The answer must be only the lines below from the one holding "宝くじチャンスセンターでは5" down to the one holding "Ювелирные серьги ручной", ends included, printed exactly; please omit all pictures.

Recorded information:
----------------------------------------
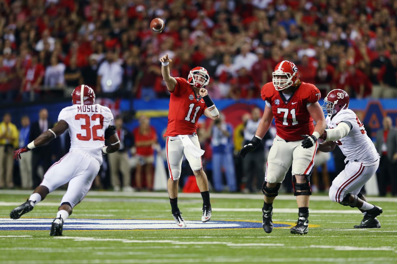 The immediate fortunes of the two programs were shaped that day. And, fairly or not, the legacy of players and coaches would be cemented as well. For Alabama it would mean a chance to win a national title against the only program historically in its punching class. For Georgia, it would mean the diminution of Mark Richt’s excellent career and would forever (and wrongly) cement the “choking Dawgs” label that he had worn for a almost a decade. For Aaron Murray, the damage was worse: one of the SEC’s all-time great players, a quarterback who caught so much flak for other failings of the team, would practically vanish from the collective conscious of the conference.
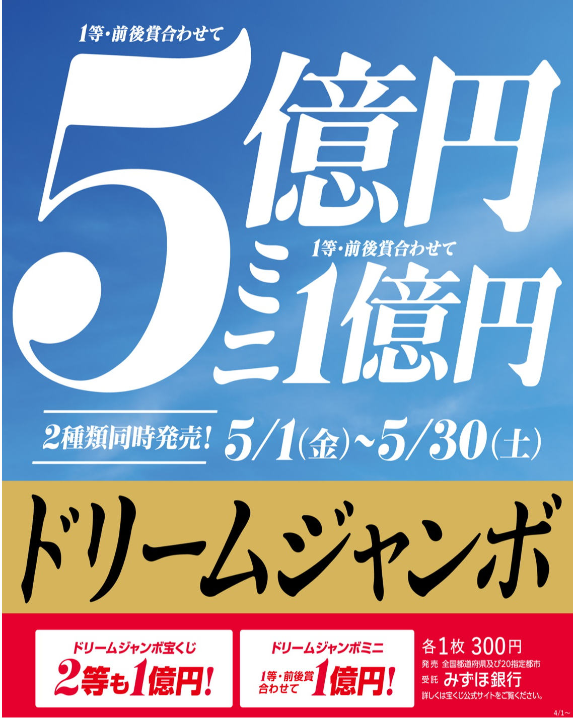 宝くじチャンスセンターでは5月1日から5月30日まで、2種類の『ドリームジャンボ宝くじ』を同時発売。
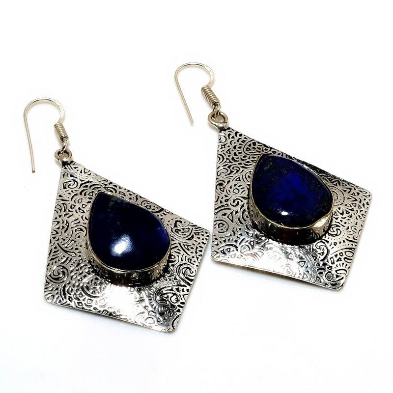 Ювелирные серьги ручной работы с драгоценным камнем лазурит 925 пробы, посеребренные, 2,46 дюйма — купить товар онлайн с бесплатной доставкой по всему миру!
----------------------------------------
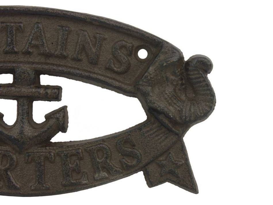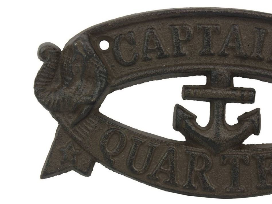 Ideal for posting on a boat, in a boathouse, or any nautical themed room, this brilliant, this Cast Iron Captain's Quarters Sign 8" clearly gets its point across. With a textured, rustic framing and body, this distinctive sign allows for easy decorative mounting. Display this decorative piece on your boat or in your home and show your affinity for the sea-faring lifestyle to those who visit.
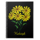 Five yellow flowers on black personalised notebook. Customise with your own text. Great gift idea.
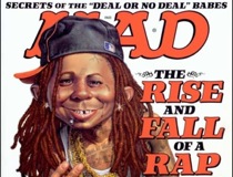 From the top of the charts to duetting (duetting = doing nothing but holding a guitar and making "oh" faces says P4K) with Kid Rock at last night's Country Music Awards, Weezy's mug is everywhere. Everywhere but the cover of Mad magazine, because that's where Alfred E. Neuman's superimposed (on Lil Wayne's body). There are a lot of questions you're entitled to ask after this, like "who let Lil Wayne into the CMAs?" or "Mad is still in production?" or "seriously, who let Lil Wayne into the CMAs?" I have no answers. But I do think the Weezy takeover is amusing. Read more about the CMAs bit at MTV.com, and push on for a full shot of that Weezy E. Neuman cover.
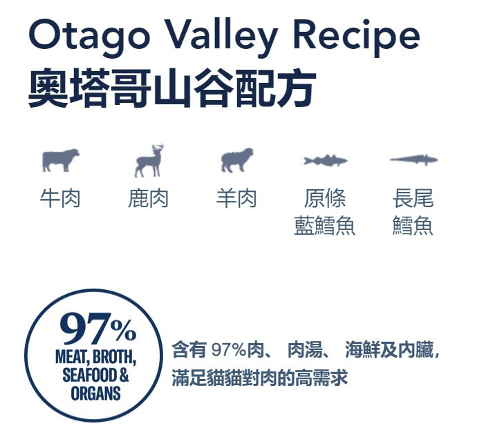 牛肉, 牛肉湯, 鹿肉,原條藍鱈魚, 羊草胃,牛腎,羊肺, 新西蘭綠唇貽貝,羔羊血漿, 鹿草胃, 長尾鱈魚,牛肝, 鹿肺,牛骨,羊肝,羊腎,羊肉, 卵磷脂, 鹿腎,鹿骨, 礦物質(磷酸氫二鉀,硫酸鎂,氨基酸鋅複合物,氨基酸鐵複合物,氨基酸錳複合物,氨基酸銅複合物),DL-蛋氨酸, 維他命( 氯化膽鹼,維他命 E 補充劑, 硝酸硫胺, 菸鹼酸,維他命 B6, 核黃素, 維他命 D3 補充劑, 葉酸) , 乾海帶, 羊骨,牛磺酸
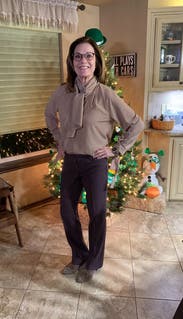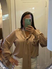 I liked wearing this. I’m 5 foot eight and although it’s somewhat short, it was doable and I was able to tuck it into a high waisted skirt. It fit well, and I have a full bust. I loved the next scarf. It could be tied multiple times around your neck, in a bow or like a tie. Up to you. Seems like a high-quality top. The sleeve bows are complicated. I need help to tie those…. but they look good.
----------------------------------------
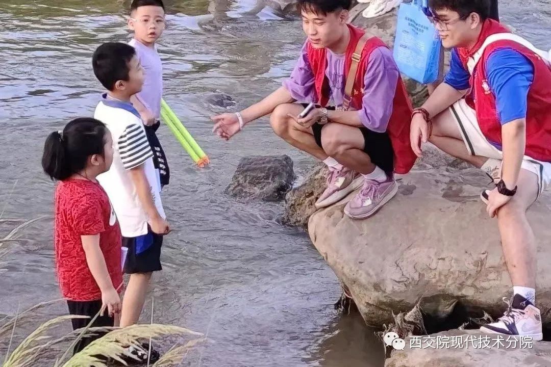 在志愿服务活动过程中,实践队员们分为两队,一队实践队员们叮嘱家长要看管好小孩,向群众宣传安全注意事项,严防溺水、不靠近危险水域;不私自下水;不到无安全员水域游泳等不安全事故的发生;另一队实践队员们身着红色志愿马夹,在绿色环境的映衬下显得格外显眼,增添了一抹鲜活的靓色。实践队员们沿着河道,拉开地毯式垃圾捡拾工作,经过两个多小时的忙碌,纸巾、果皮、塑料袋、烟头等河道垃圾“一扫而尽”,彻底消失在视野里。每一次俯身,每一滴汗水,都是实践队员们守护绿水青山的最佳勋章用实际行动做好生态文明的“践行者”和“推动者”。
----------------------------------------
Expected output:
 宝くじチャンスセンターでは5月1日から5月30日まで、2種類の『ドリームジャンボ宝くじ』を同時発売。
 Ювелирные серьги ручной работы с драгоценным камнем лазурит 925 пробы, посеребренные, 2,46 дюйма — купить товар онлайн с бесплатной доставкой по всему миру!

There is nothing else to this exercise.